- _RECORDS FOR THIS EXERCISE_

##########

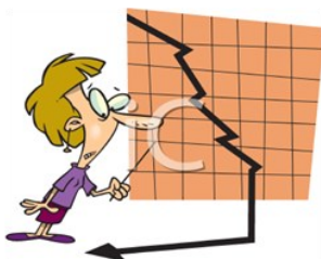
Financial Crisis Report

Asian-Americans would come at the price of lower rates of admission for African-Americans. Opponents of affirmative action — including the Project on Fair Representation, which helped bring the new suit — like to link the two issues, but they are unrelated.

##########

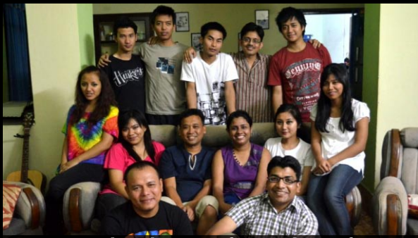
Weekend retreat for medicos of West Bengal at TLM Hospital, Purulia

##########

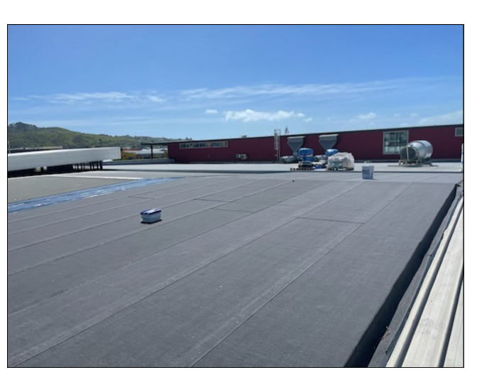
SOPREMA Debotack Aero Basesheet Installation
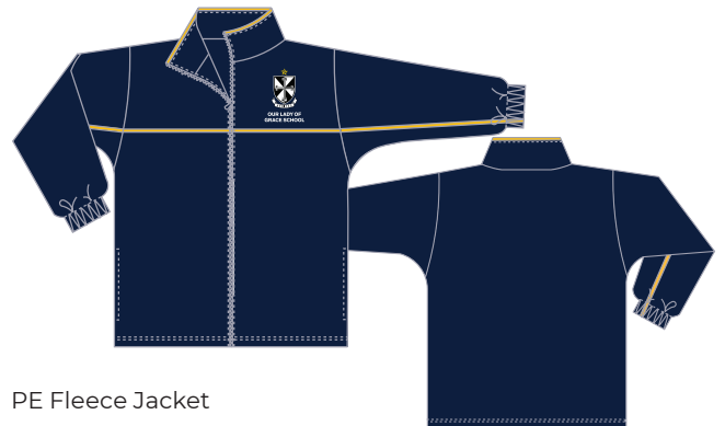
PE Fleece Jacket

##########

- _PROMPT_
Where the line holding "Financial Crisis Report" appears in the listing above, start reproducing exactly, and end with the line holding "Asian-Americans would come".

- _ANSWER SPACE_
Financial Crisis Report

Asian-Americans would come at the price of lower rates of admission for African-Americans. Opponents of affirmative action — including the Project on Fair Representation, which helped bring the new suit — like to link the two issues, but they are unrelated.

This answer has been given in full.